3大生活習慣病の糖尿病については、よくご存知だと思いますが、これは2型糖尿病に分類されます。
今日話題とする1型糖尿病は、2型とは全く成り立ちが違います。
1型糖尿病について、日本内分泌学会の2022年5月の記載から抜粋します。
本来免疫機構は、外敵から身を守るために大切な働きをしてくれるのですが、何かの拍子に間違って自分の膵臓内にあるβ細胞を標的にしてしまい、破壊します。
そのためインシュリンが出なくなり、慢性高血糖状態となり、糖尿病を発症します。
急速にβ細胞が破壊されるため、様々な自己抗体が陽性となります。
原因の90%は、上に述べた自己抗体型で、残る10%については、原因不明です。
若年者(小児)に多い病気ですが、最近は小児1型糖尿病の発症率の増加と発症の若年化が指摘されています。
発症のピークは思春期にあり、それ以降は男女とも低下します。時に成人に発症することがあり、小児だけの病気ではありません。

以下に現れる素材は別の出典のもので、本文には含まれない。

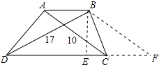 分析 作BE⊥DC于E,过B作BF∥AC,交DC的延长线于F;先证明四边形ACFB是平行四边形,得出AB=CF,BF=AC=10,再由勾股定理求出DE、EF,得出DE+EF=AB+DC,由梯形的面积公式即可得出结果.

国内における発症率は、10万人に対し1.4人~2.2人で少ない傾向です。
また発症とウイルス感染との関連が示唆されています。
通常遺伝性はありませんが、時に家族内発症が見られます。
典型的な症状は、のどが渇く 頻尿 倦怠感 体重減少 等いわゆる糖尿病の症状ですが、インシュリンが全くなくなった状態では、ケトン体が産出されるため、治療を早急に開始しないと大変危険な状態になります。
血糖コントロールのため、インシュリン投与は不可欠ですが、逆にインシュリン投与でコントロールがつけば、糖尿病のない人と同じ生活ができます。

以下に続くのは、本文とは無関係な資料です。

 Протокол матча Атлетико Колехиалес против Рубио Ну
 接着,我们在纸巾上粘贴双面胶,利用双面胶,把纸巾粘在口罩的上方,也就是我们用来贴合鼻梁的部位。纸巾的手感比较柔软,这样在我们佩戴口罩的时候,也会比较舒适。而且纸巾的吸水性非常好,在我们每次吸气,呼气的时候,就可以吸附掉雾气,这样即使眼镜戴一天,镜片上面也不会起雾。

以降はJAMA Ophthalmology に投稿された論文からの抜粋ですが、22歳未満で糖尿病と診断された米国ミネソタ州における1362人の住民の解析結果で、2型糖尿病児が糖尿病と診断されて15年以内に非増殖性網膜症を発症するリスクは、1型糖尿病児の2倍近く高い。
その理由は、1型なら発症後すぐに症状が出るが、2型は発症の時期が明確でなく、治療開始が遅れやすいためと述べられています。
1型であれば発症3~5年後から年1回、2型であれば発症直後から毎年検査をする必要がある となっています。
基本的には、糖尿病の病名がつけば、1年に1回の眼底検査は必ず受けてもらいたいと思いますが、血糖コントロールが不良の間は、特に要注意と考えます。